PROVIDED DATA: Begin

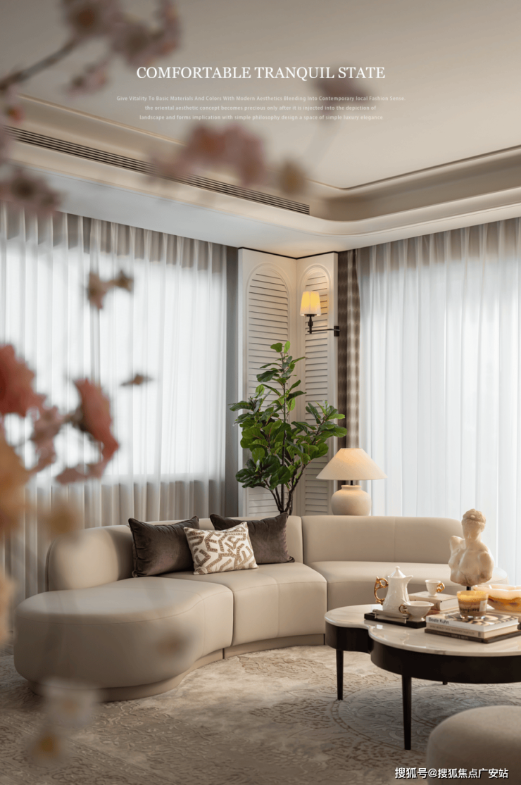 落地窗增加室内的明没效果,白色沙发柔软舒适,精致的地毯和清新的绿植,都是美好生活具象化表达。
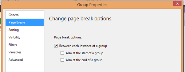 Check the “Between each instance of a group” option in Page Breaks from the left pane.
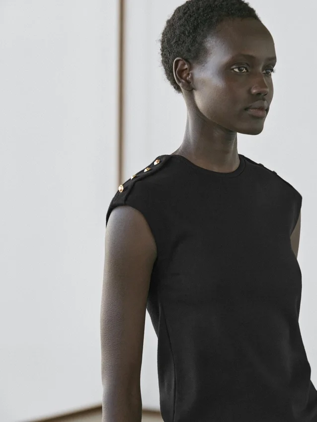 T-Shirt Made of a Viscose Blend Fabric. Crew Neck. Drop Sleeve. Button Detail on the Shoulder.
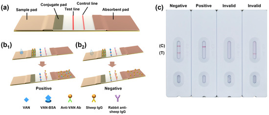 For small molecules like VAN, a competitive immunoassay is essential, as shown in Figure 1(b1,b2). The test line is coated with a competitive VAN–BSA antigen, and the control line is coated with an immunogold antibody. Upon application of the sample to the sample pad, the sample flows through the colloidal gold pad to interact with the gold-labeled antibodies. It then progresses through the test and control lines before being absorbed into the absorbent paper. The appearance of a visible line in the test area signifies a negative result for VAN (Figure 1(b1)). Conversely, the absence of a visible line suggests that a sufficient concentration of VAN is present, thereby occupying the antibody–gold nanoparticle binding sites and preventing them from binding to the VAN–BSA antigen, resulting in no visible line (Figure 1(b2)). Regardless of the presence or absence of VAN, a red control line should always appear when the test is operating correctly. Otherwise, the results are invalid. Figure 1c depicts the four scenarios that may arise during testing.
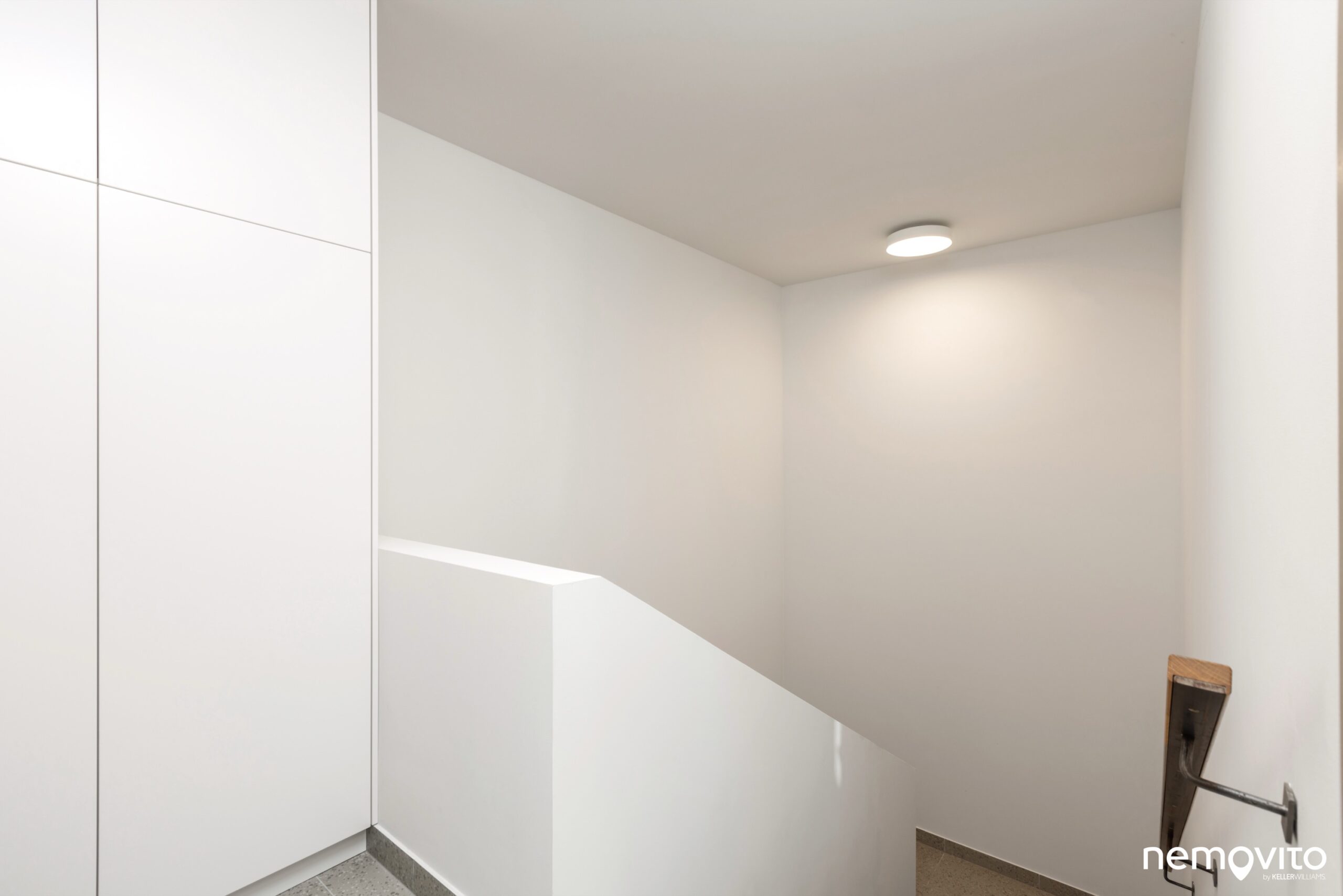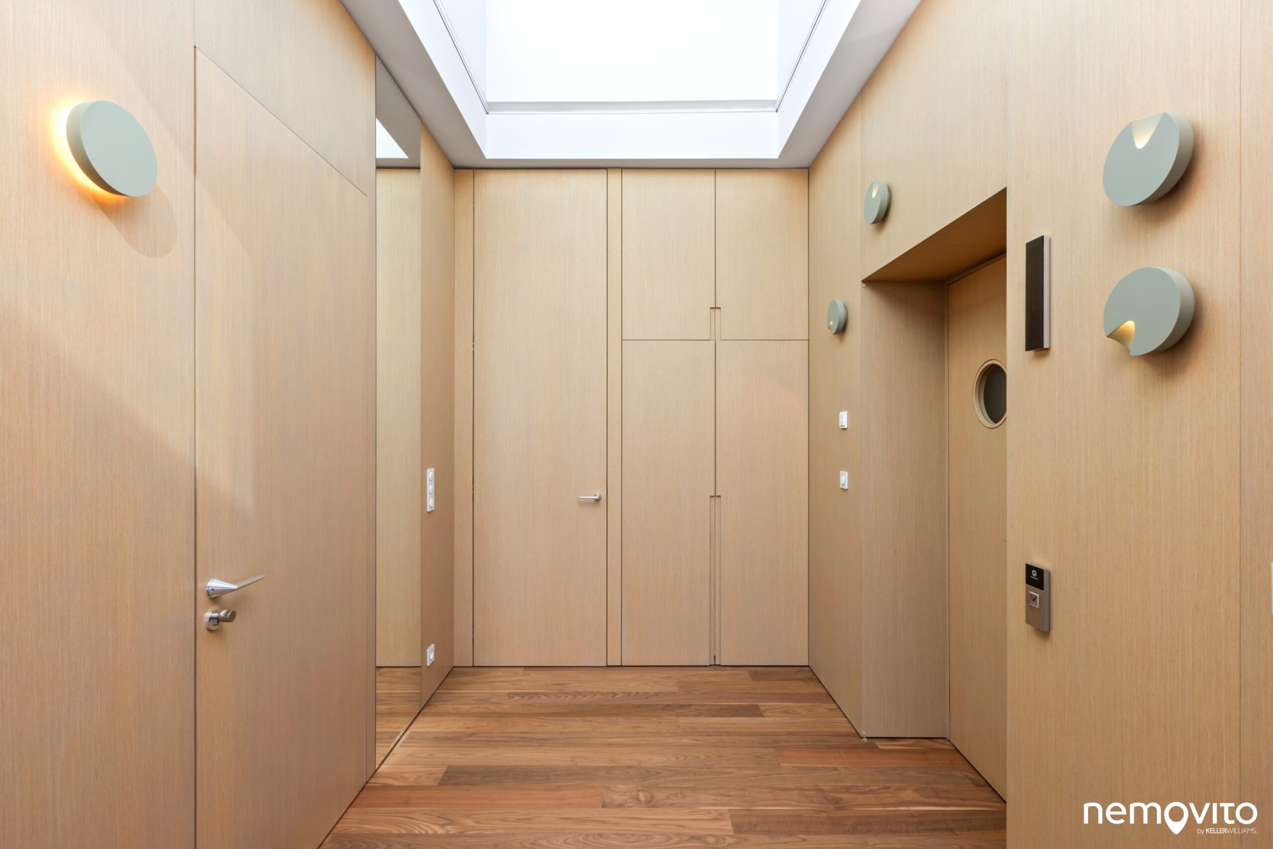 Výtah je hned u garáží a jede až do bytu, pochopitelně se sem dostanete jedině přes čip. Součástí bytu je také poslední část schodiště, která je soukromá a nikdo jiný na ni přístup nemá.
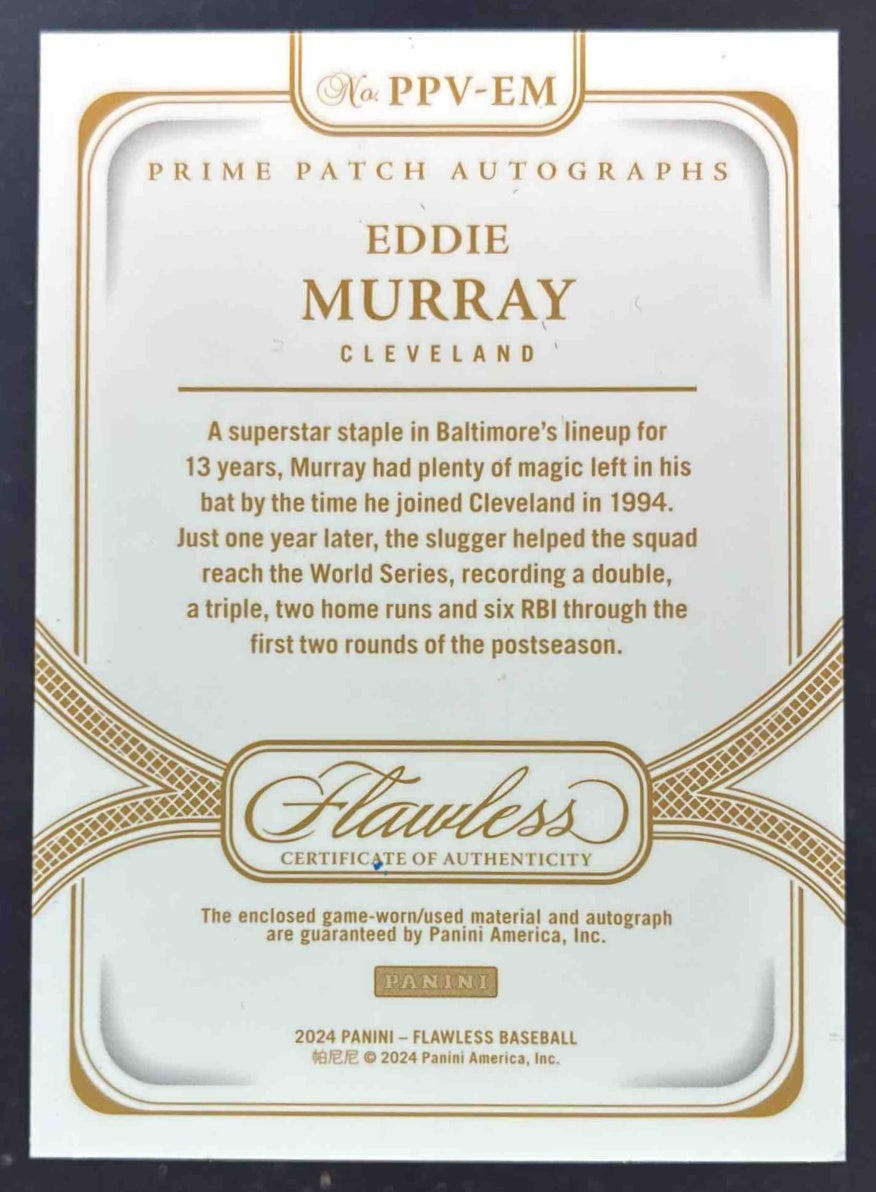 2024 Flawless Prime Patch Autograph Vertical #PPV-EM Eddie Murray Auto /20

PROVIDED DATA: End
PROVIDED DATA: Begin

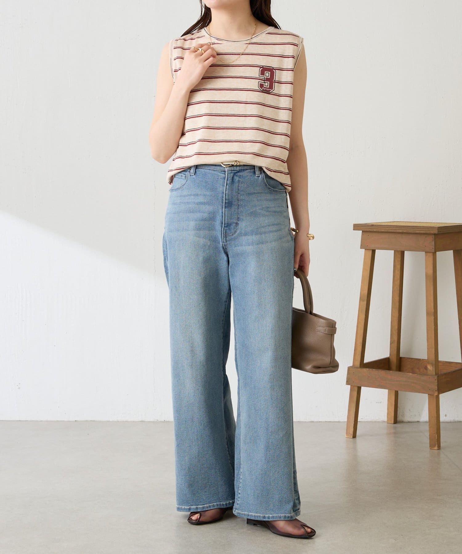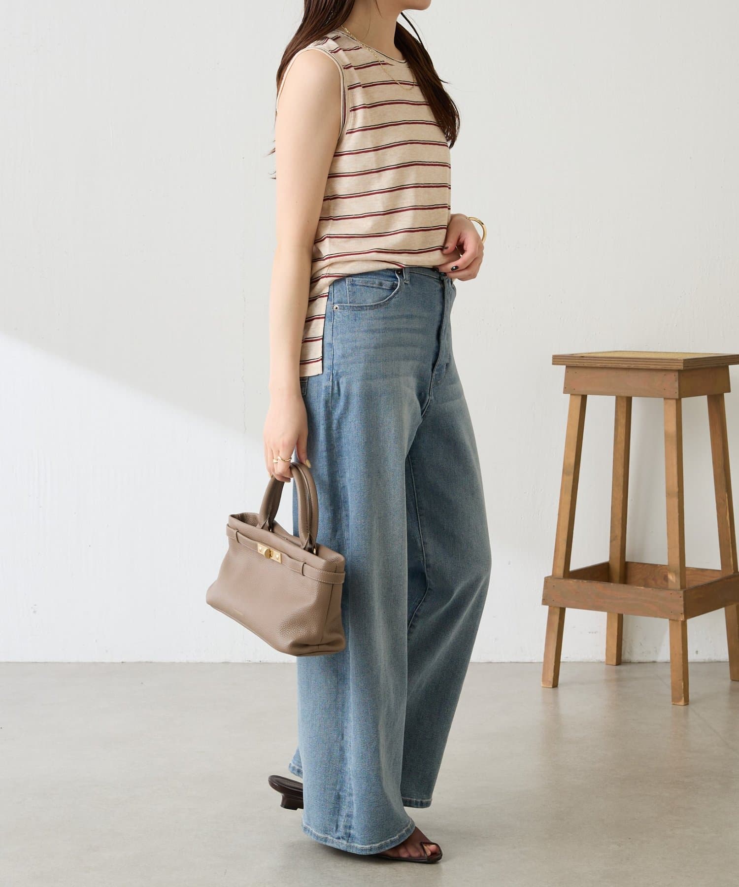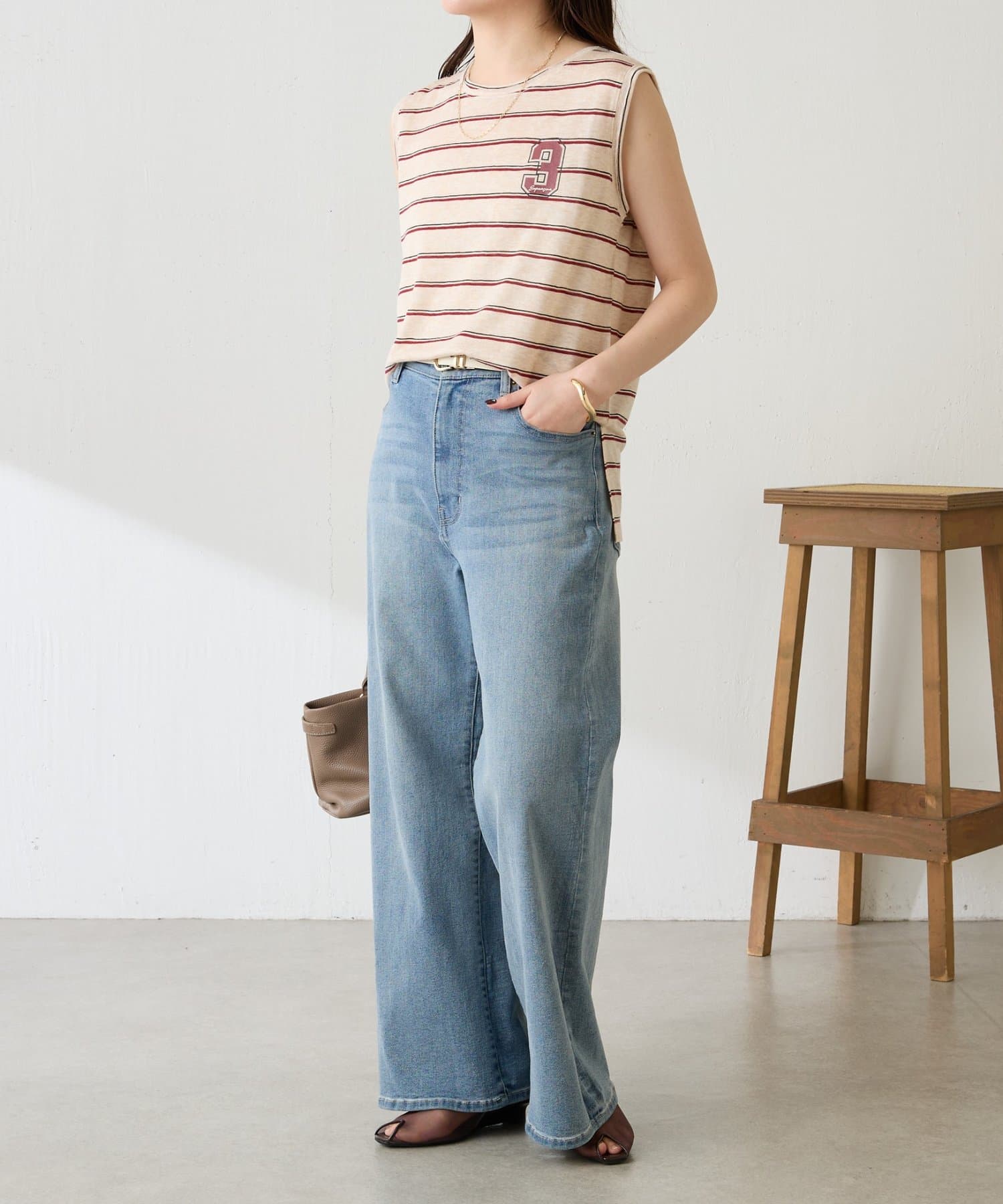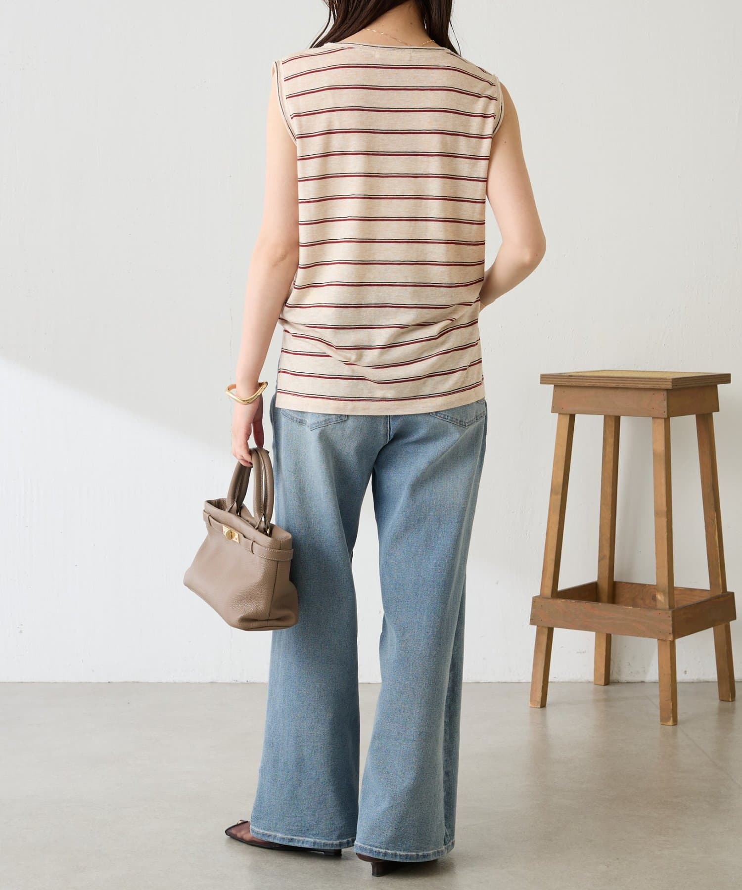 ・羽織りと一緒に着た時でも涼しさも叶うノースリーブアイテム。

PROVIDED DATA: End

» WORK INSTRUCTION: Print, exactly and with no pictures, the lines of the listing above starting at the one that has "落地窗增加室内的明没效果,白" and ending at the one that has "2024 Flawless Prime", both included.

» SOLUTION TO THIS TASK:
 落地窗增加室内的明没效果,白色沙发柔软舒适,精致的地毯和清新的绿植,都是美好生活具象化表达。
 Check the “Between each instance of a group” option in Page Breaks from the left pane.
 T-Shirt Made of a Viscose Blend Fabric. Crew Neck. Drop Sleeve. Button Detail on the Shoulder.
 For small molecules like VAN, a competitive immunoassay is essential, as shown in Figure 1(b1,b2). The test line is coated with a competitive VAN–BSA antigen, and the control line is coated with an immunogold antibody. Upon application of the sample to the sample pad, the sample flows through the colloidal gold pad to interact with the gold-labeled antibodies. It then progresses through the test and control lines before being absorbed into the absorbent paper. The appearance of a visible line in the test area signifies a negative result for VAN (Figure 1(b1)). Conversely, the absence of a visible line suggests that a sufficient concentration of VAN is present, thereby occupying the antibody–gold nanoparticle binding sites and preventing them from binding to the VAN–BSA antigen, resulting in no visible line (Figure 1(b2)). Regardless of the presence or absence of VAN, a red control line should always appear when the test is operating correctly. Otherwise, the results are invalid. Figure 1c depicts the four scenarios that may arise during testing.
 Výtah je hned u garáží a jede až do bytu, pochopitelně se sem dostanete jedině přes čip. Součástí bytu je také poslední část schodiště, která je soukromá a nikdo jiný na ni přístup nemá.
 2024 Flawless Prime Patch Autograph Vertical #PPV-EM Eddie Murray Auto /20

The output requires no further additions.